Police will on Thursday ask a Bergen to allow them to keep the man under arrest for four weeks in the first custody hearing.  It is unclear whether the man will be able to attend. 
 
The man mounted his attack shortly after entering the Valdres Express bus, and is accused of killing the bus driver, Arve Haug Bagn (55) and Margaret Molland Sanden, a 19-year-old biotechnology student at the Oslo and Akerhus University College of Applied Sciences.
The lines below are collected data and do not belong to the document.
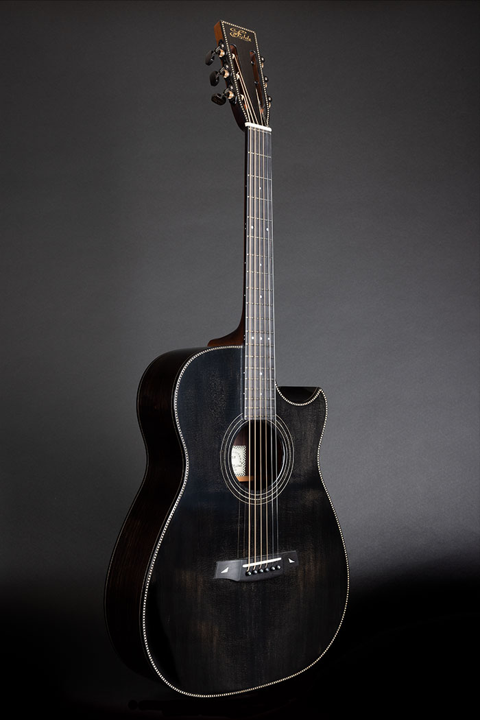 So here we are, it's not a murder but it is a radical departure from what we normally make. Richard and I had been discussing the idea for about two years. He wanted the "checker" purfling like a Rickenbacker and the guitar needed to be black, referring to some other iconic American guitars.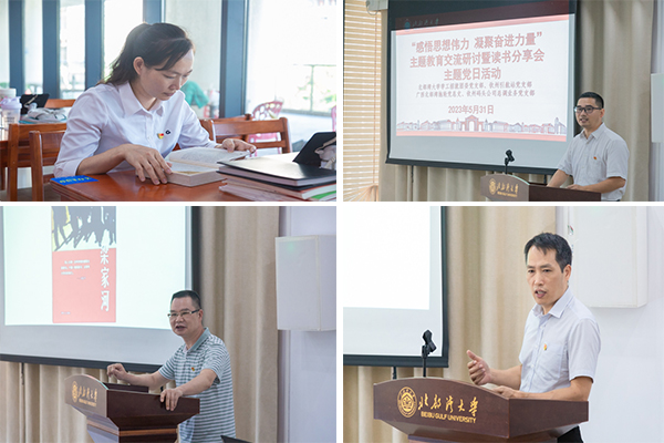5月31日,学校学工招就团委党支部与“港航先锋”党建联盟的钦州引航站党支部、广西北部湾拖轮党总支、钦州码头公司总调度业务党支部在bw必威西汉姆联官方网站图书馆开展“感悟思想伟力 凝聚奋进力量”主题教育交流研讨暨读书分享会主题党日活动。活动由学校学工招就团委党支部书记裴以明同志主持。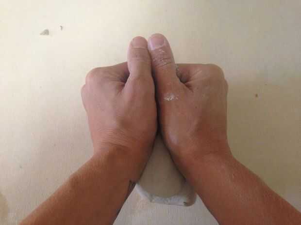 - Envuelva sus manos alrededor de la arcilla que sólo la parte superior de la mitad de la arcilla.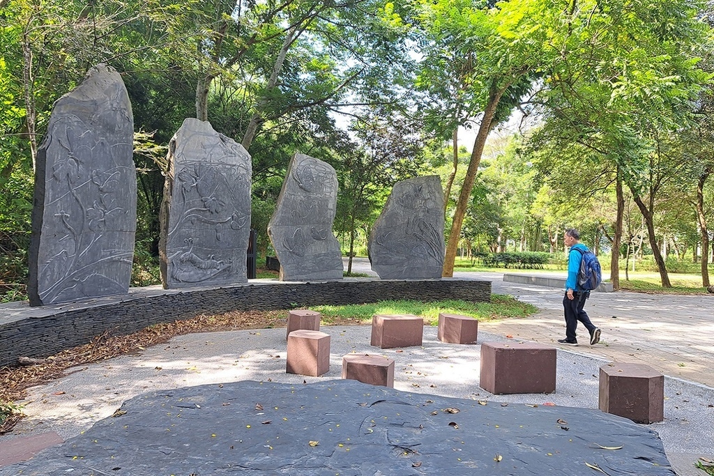 幾塊繪刻花朵、毛蟲、蝴蝶與新威大橋圖案的大石板,代表茂林國家風景區的主要特色。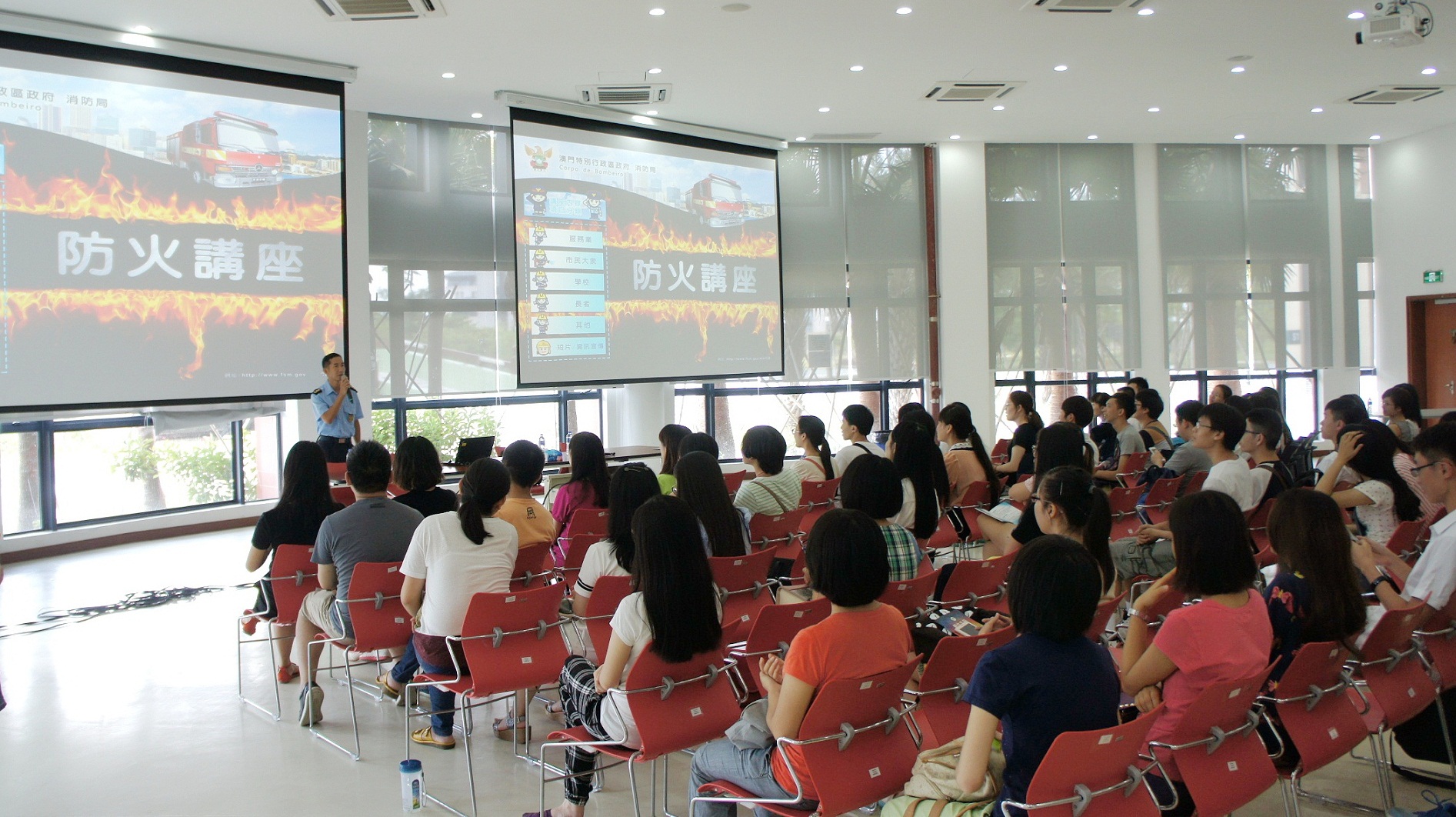 O Corpo de Bombeiros (CB) tem prestado maior atenção à segurança contra incêndios no novo campus da Universidade de Macau (UM). A fim de reforçar a consciência de prevenção, a capacidade de resposta e as técnicas de evacuação dos alunos, docentes e funcionários alojados no campus universitário, realizámos, em colaboração com a UM, uma palestra de conhecimentos sobre a segurança contra incêndios no começo do novo ano lectivo. A palestra que se divide em quatro sessões contou com um total de cerca de 600 participantes.

The third victim,  a Swedish man in his 50s, has not been named. 
 
The asylum seeker was due to be deported to Spain on Tuesday, the day after his attack. 
 
South Sudan's ambassador to Norway, Bol Wek Agoth, said the man claimed to be from the Mayom district of South Sudan's Unity State. 
 
"This is a very tragic and painful incident. My thoughts go first to those who have been affected and who are left with a great sadness at having lost loved ones," he said. 
 
Norwegian Prime Minister Erna Solberg on Wednesday confirmed that her government will set up a network of special centres for rejected asylum seekers, who she said were "disruptive". 
 
"Those who have received a rejection of their application and are awaiting deportation, are more mentally unstable because they have been rejected," she told VG. "It is difficult to put people people who have been rejected together with those who have not been rejected."